- _AIM OF THE EXERCISE_
Repeat every entry word for word; omit all pictures.

- _DATA FOR THIS TASK_
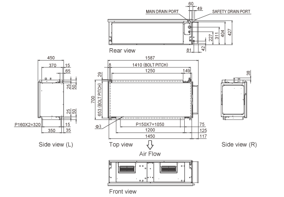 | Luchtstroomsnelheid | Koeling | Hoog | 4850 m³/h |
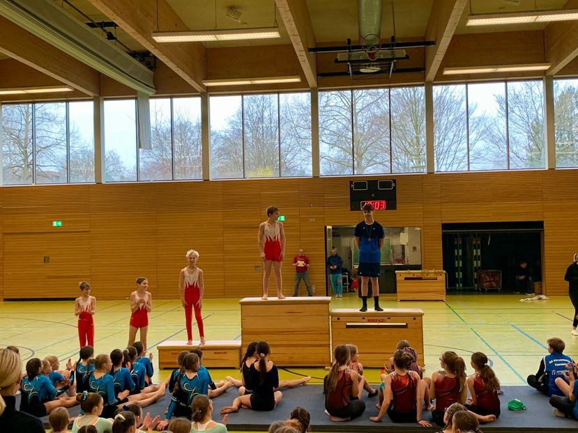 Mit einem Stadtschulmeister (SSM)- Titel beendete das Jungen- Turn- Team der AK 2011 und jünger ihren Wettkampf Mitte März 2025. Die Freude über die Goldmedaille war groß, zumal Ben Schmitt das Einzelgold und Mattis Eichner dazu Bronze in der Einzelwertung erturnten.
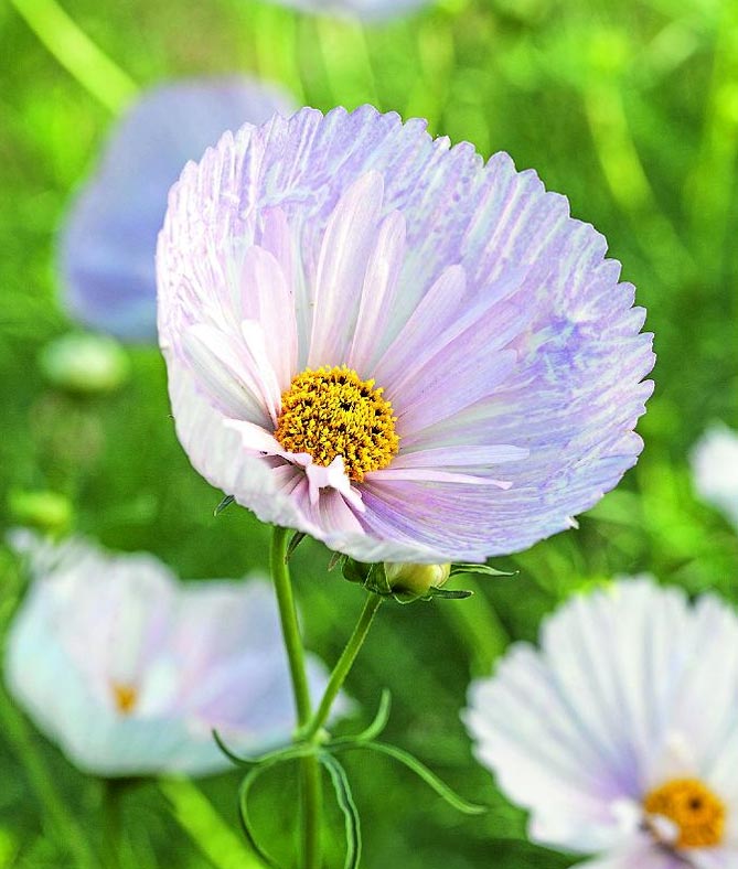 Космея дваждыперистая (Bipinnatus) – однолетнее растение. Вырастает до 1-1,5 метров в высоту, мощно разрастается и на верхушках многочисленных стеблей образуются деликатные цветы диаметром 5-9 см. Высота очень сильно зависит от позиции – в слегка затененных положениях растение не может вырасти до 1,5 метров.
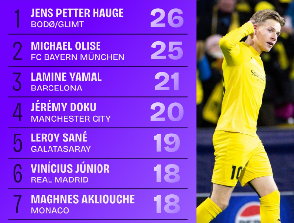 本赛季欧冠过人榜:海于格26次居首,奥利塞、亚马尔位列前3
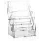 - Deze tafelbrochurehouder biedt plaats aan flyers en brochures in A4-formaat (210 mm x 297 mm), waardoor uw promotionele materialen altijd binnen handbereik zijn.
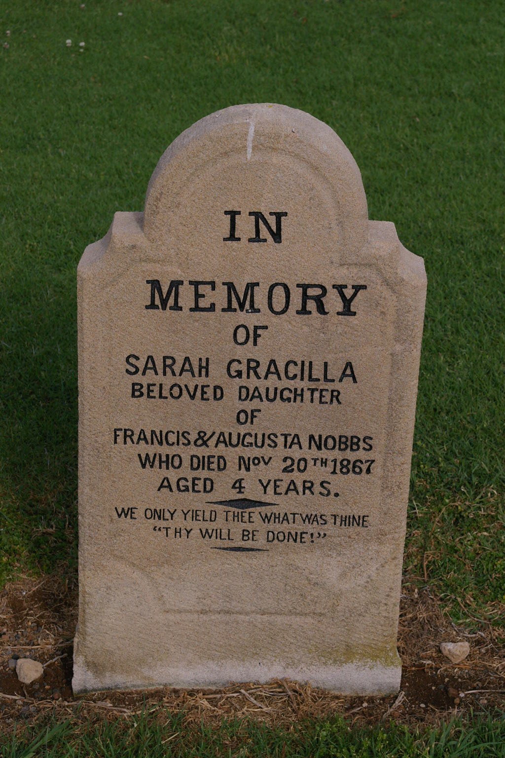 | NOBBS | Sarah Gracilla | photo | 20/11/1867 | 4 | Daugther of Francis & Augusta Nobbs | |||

- _YOUR SOLUTION_
 | Luchtstroomsnelheid | Koeling | Hoog | 4850 m³/h |
 Mit einem Stadtschulmeister (SSM)- Titel beendete das Jungen- Turn- Team der AK 2011 und jünger ihren Wettkampf Mitte März 2025. Die Freude über die Goldmedaille war groß, zumal Ben Schmitt das Einzelgold und Mattis Eichner dazu Bronze in der Einzelwertung erturnten.
 Космея дваждыперистая (Bipinnatus) – однолетнее растение. Вырастает до 1-1,5 метров в высоту, мощно разрастается и на верхушках многочисленных стеблей образуются деликатные цветы диаметром 5-9 см. Высота очень сильно зависит от позиции – в слегка затененных положениях растение не может вырасти до 1,5 метров.
 本赛季欧冠过人榜:海于格26次居首,奥利塞、亚马尔位列前3
 - Deze tafelbrochurehouder biedt plaats aan flyers en brochures in A4-formaat (210 mm x 297 mm), waardoor uw promotionele materialen altijd binnen handbereik zijn.
 | NOBBS | Sarah Gracilla | photo | 20/11/1867 | 4 | Daugther of Francis & Augusta Nobbs | |||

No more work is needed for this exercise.